*** Input data Section Begins ***

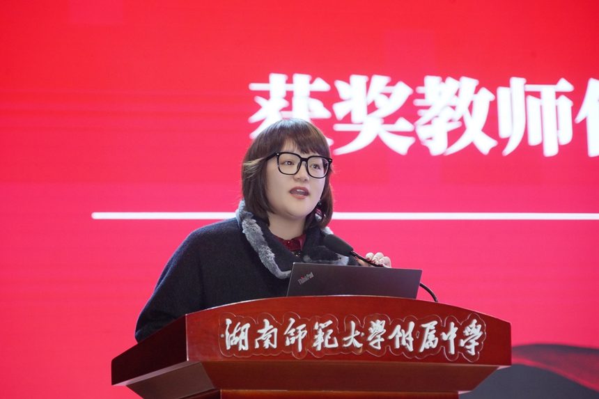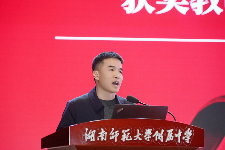 副校长廖强宣读《关于2025年度教育教学成果奖的表彰决定》。大会依次为高 2025 届教育教学成果奖、高2023 级教育教学成果奖、初2025届教育教学成果奖、学科竞赛指导奖优秀代表、优秀课题奖及“陶步农・健帆”奖教奖获得者颁奖。黄钢、严志、陈婕、李艳四位获奖教师代表依次上台发言,分享了教学心得与育人感悟。
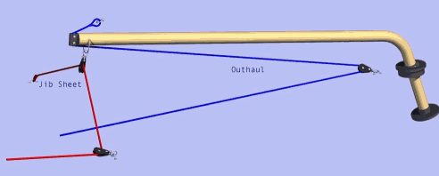 Hoyt-puomissa on kaksi säätöä: skuutti ('sheet'), jolla säädellään purjeen kulmaa, sekä alaliikin /skuuttikulmaan kiristys ('outhaul'), jolla säädetään purjeen muotoa. Keulapurjeena puomilla käytin ensin G3-genuaa vähän muokattuna. Seuraavaksi kesäksi sain mittoihin leikatun fokan, joka täyttää keulakolmion paremmin, ei kuitenkaan likikään niin hyvin kuin normaali kryssifokka. Puomi jalustetaan toiselle genua-vinssille ruorimiehen saataville. Jaluksen ja liikinsäädön köysien reitit menevät nyt keulakannen keskellä. Puomin kääntymiskulman ansiosta ei kaidevaijereita tarvinnut siirrellä. Wasa 55:n pitkähköä keulapulpiittia hieman lyhensin takaosastaan.
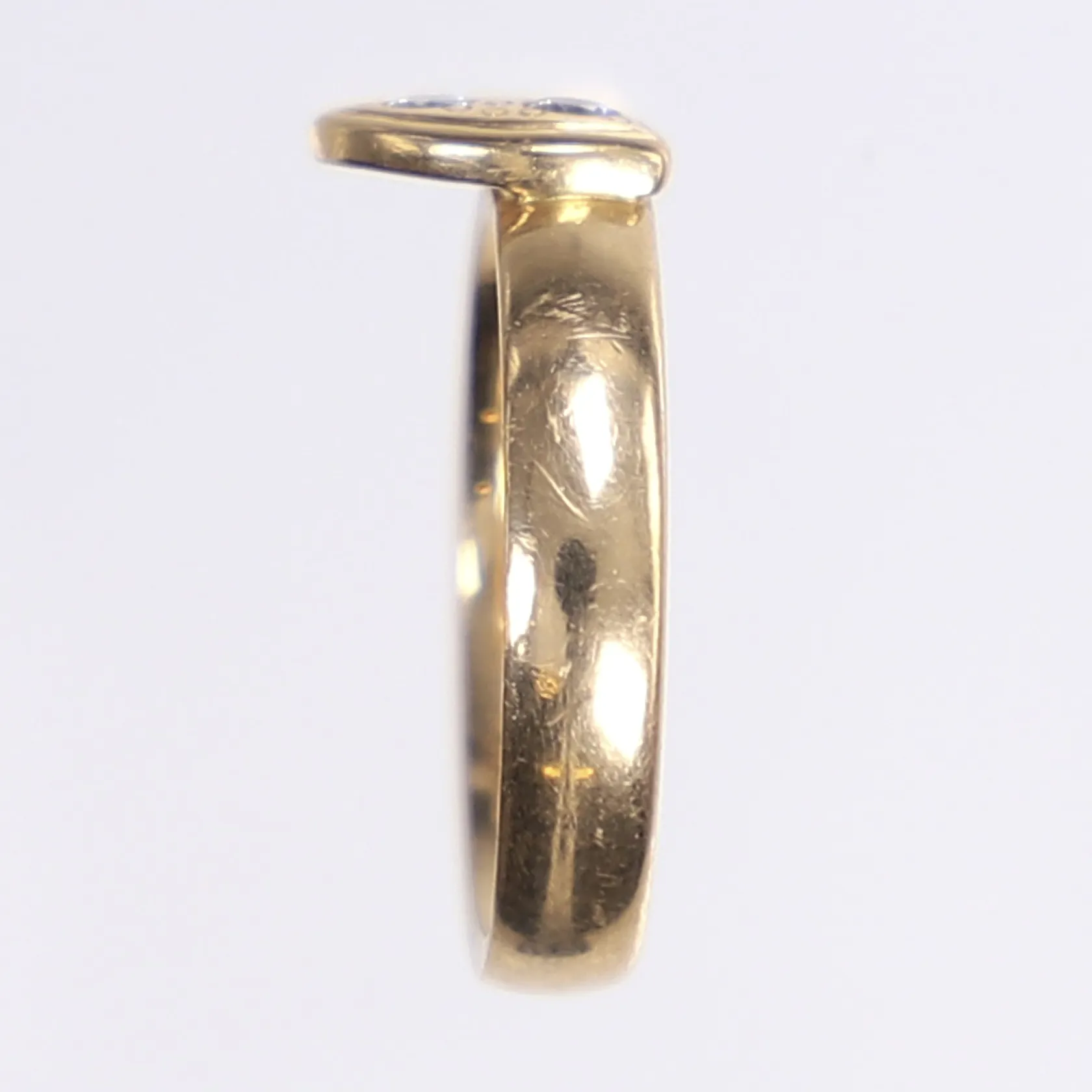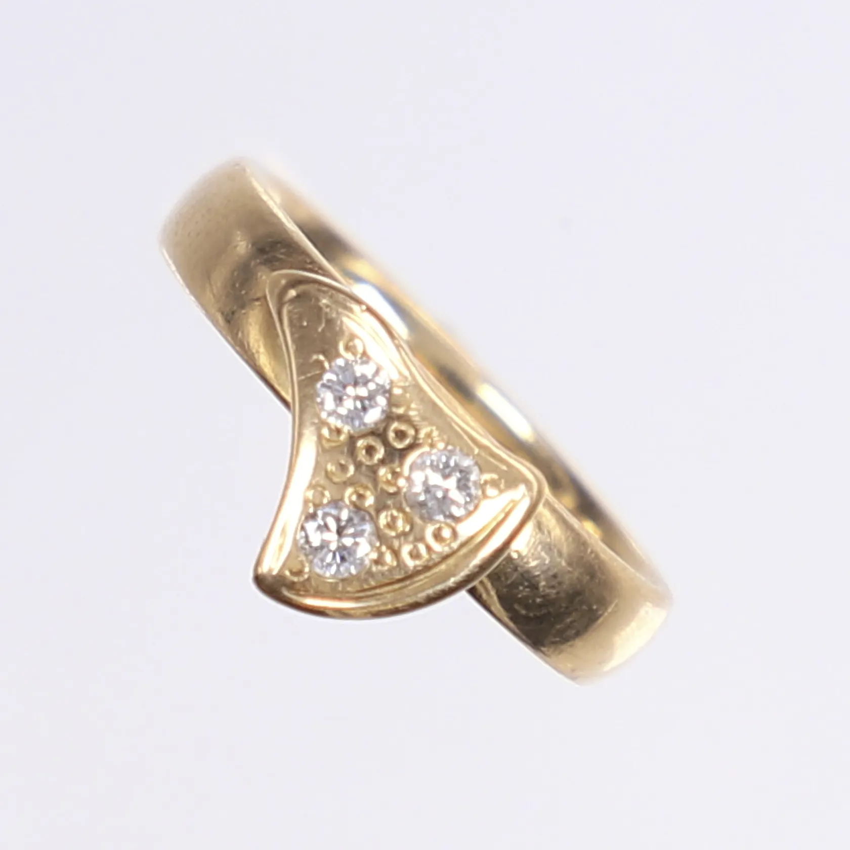 Ring med diamanter totalt 0,15ctv enl. gravyr, stl 16¾, bredd 4-8mm, 18K Vikt: 5,4 g.

*** Input data Section Ends ***

* [Brief]: Return each line above exactly; any pictures are to be skipped.

* [Output of the task]:
 副校长廖强宣读《关于2025年度教育教学成果奖的表彰决定》。大会依次为高 2025 届教育教学成果奖、高2023 级教育教学成果奖、初2025届教育教学成果奖、学科竞赛指导奖优秀代表、优秀课题奖及“陶步农・健帆”奖教奖获得者颁奖。黄钢、严志、陈婕、李艳四位获奖教师代表依次上台发言,分享了教学心得与育人感悟。
 Hoyt-puomissa on kaksi säätöä: skuutti ('sheet'), jolla säädellään purjeen kulmaa, sekä alaliikin /skuuttikulmaan kiristys ('outhaul'), jolla säädetään purjeen muotoa. Keulapurjeena puomilla käytin ensin G3-genuaa vähän muokattuna. Seuraavaksi kesäksi sain mittoihin leikatun fokan, joka täyttää keulakolmion paremmin, ei kuitenkaan likikään niin hyvin kuin normaali kryssifokka. Puomi jalustetaan toiselle genua-vinssille ruorimiehen saataville. Jaluksen ja liikinsäädön köysien reitit menevät nyt keulakannen keskellä. Puomin kääntymiskulman ansiosta ei kaidevaijereita tarvinnut siirrellä. Wasa 55:n pitkähköä keulapulpiittia hieman lyhensin takaosastaan.
 Ring med diamanter totalt 0,15ctv enl. gravyr, stl 16¾, bredd 4-8mm, 18K Vikt: 5,4 g.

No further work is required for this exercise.